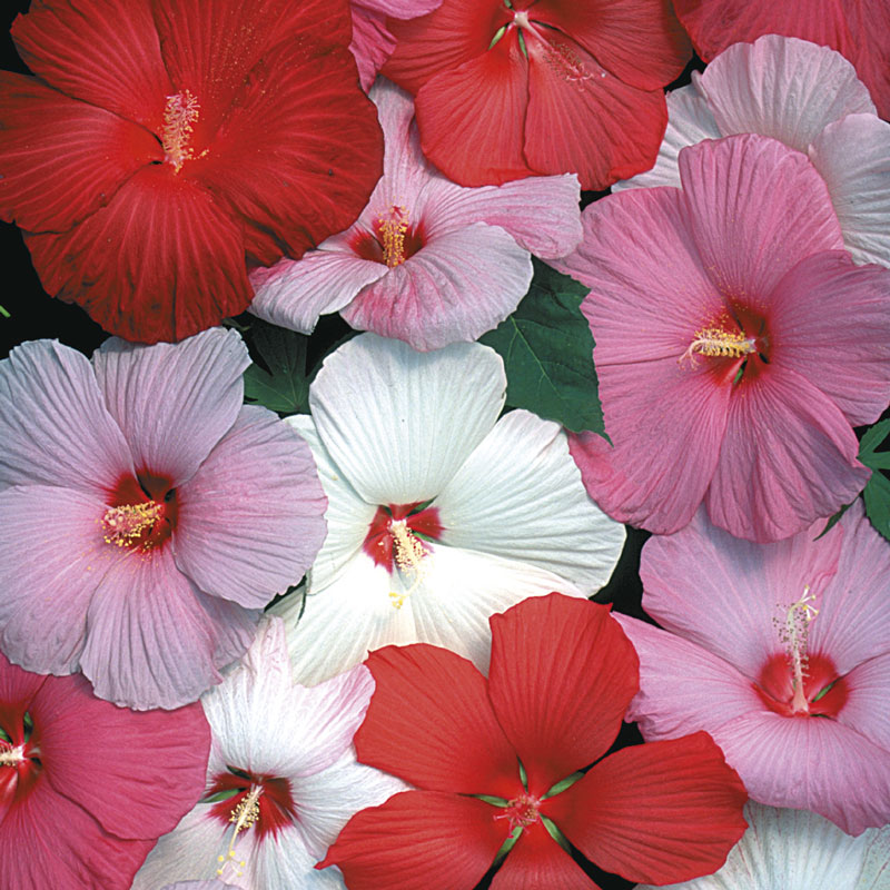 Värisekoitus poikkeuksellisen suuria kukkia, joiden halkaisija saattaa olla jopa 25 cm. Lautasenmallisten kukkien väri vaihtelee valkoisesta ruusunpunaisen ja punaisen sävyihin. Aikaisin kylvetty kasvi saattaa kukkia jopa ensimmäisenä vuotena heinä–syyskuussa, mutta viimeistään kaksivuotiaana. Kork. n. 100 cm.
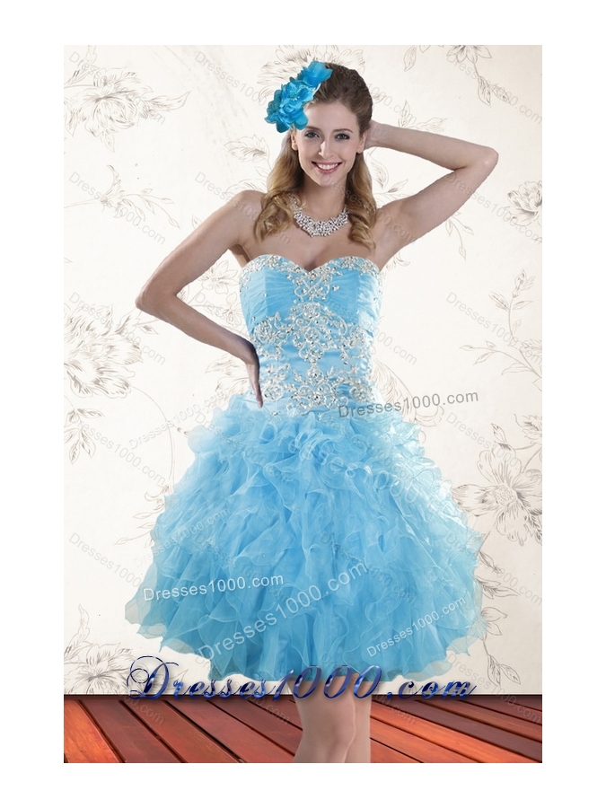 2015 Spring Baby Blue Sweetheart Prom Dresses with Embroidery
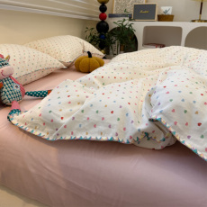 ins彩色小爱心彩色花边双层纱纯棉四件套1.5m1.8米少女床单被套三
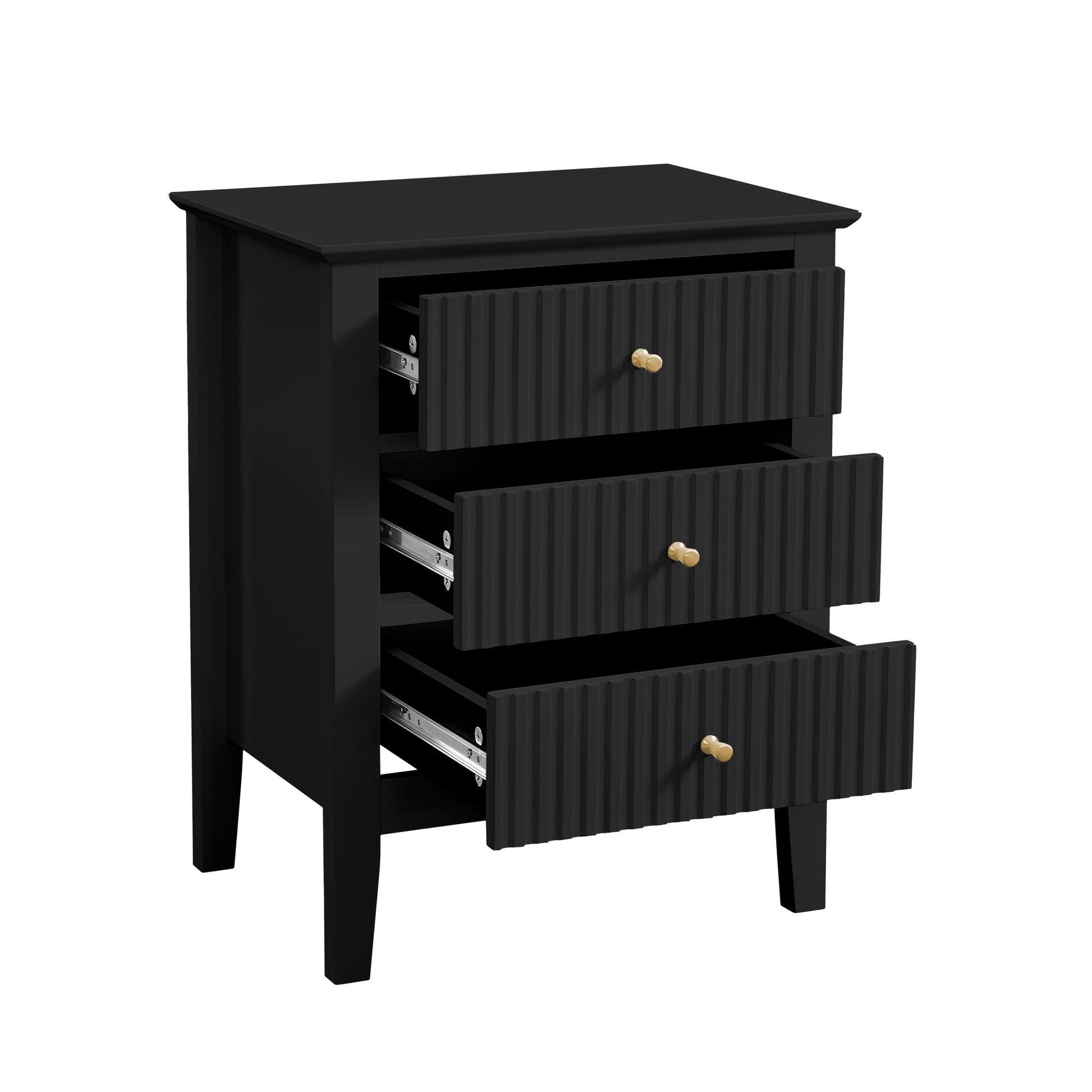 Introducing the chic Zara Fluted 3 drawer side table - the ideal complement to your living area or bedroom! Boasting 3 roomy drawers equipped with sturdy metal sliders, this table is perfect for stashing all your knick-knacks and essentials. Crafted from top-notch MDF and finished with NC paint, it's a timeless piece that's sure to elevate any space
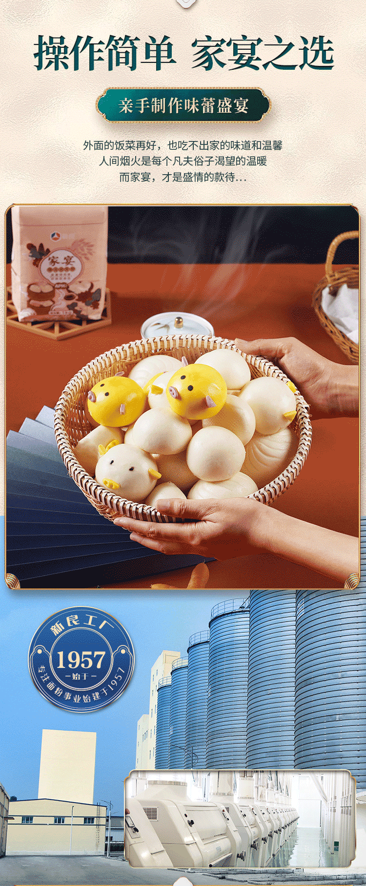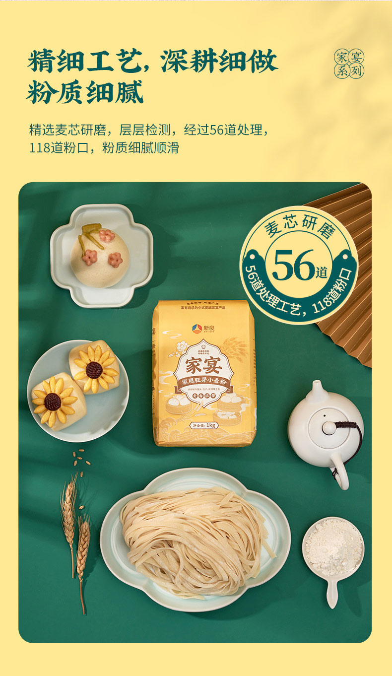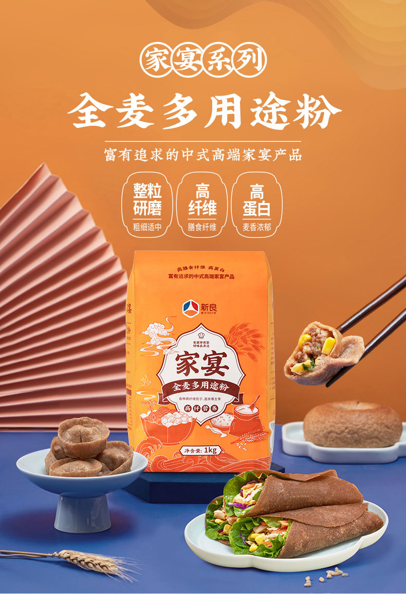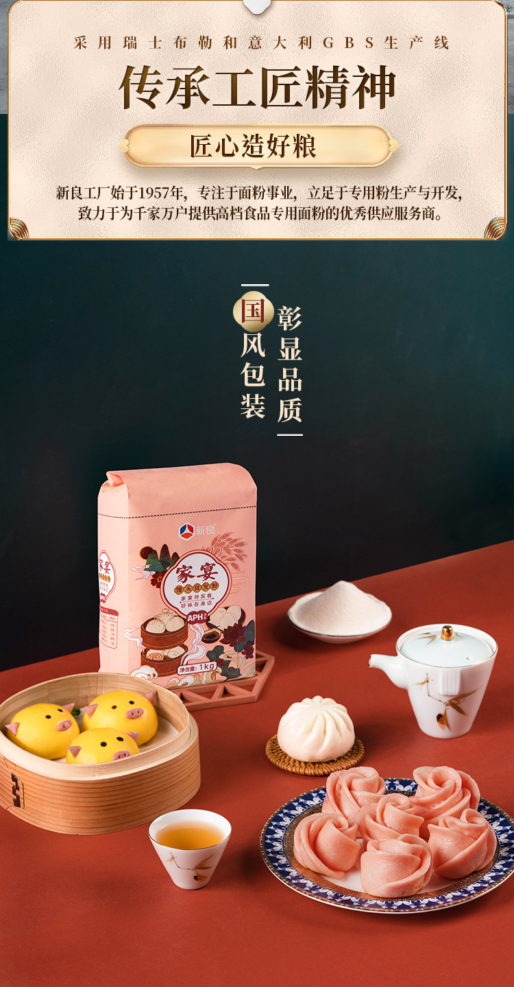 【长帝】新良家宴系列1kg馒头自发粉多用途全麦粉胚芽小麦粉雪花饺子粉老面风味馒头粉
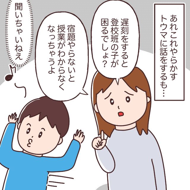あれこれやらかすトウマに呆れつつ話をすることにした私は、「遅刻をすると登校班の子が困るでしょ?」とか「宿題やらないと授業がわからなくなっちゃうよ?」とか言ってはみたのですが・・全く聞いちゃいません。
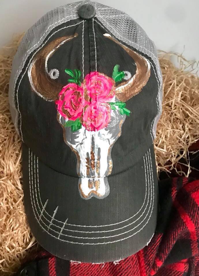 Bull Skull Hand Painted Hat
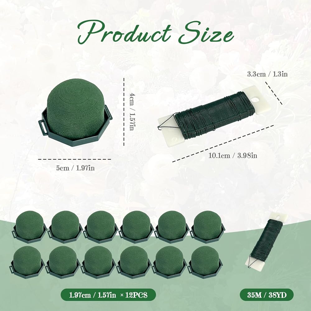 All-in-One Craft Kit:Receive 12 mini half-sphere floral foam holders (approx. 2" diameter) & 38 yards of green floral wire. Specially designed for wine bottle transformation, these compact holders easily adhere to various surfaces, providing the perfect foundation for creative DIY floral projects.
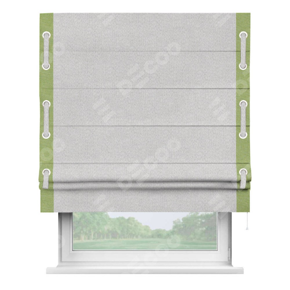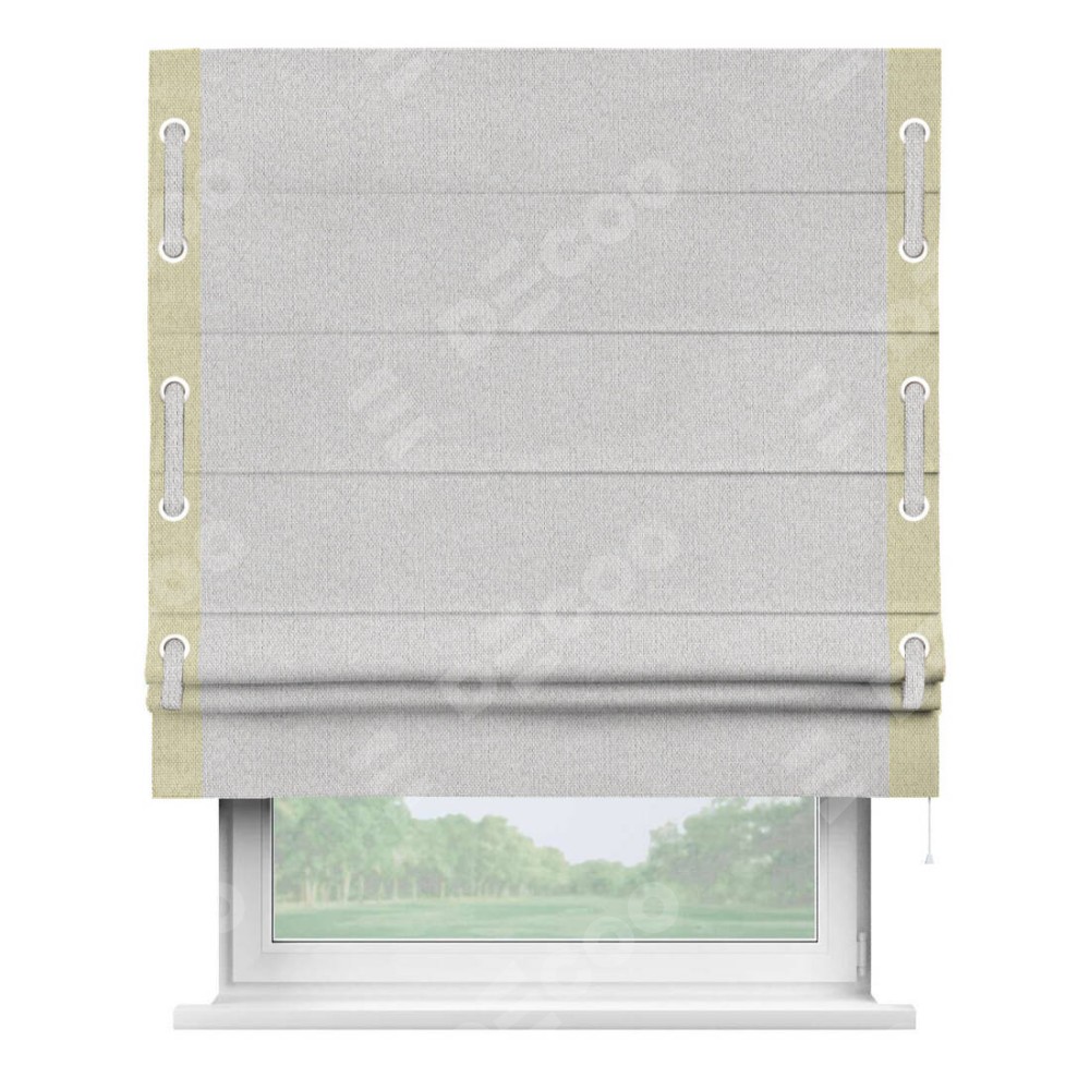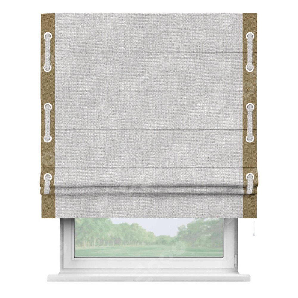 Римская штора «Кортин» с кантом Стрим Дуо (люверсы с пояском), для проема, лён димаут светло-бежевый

▶ _Your task_: Copy nothing but the lines from the one containing "ins彩色小爱心彩色花边双层纱纯棉四件套1.5m1.8米少女床单被套三" through the last line of the listing above, transcribed exactly and with no pictures.

▶ _Result_:
 ins彩色小爱心彩色花边双层纱纯棉四件套1.5m1.8米少女床单被套三
 Introducing the chic Zara Fluted 3 drawer side table - the ideal complement to your living area or bedroom! Boasting 3 roomy drawers equipped with sturdy metal sliders, this table is perfect for stashing all your knick-knacks and essentials. Crafted from top-notch MDF and finished with NC paint, it's a timeless piece that's sure to elevate any space
 【长帝】新良家宴系列1kg馒头自发粉多用途全麦粉胚芽小麦粉雪花饺子粉老面风味馒头粉
あれこれやらかすトウマに呆れつつ話をすることにした私は、「遅刻をすると登校班の子が困るでしょ?」とか「宿題やらないと授業がわからなくなっちゃうよ?」とか言ってはみたのですが・・全く聞いちゃいません。
 Bull Skull Hand Painted Hat
 All-in-One Craft Kit:Receive 12 mini half-sphere floral foam holders (approx. 2" diameter) & 38 yards of green floral wire. Specially designed for wine bottle transformation, these compact holders easily adhere to various surfaces, providing the perfect foundation for creative DIY floral projects.
 Римская штора «Кортин» с кантом Стрим Дуо (люверсы с пояском), для проема, лён димаут светло-бежевый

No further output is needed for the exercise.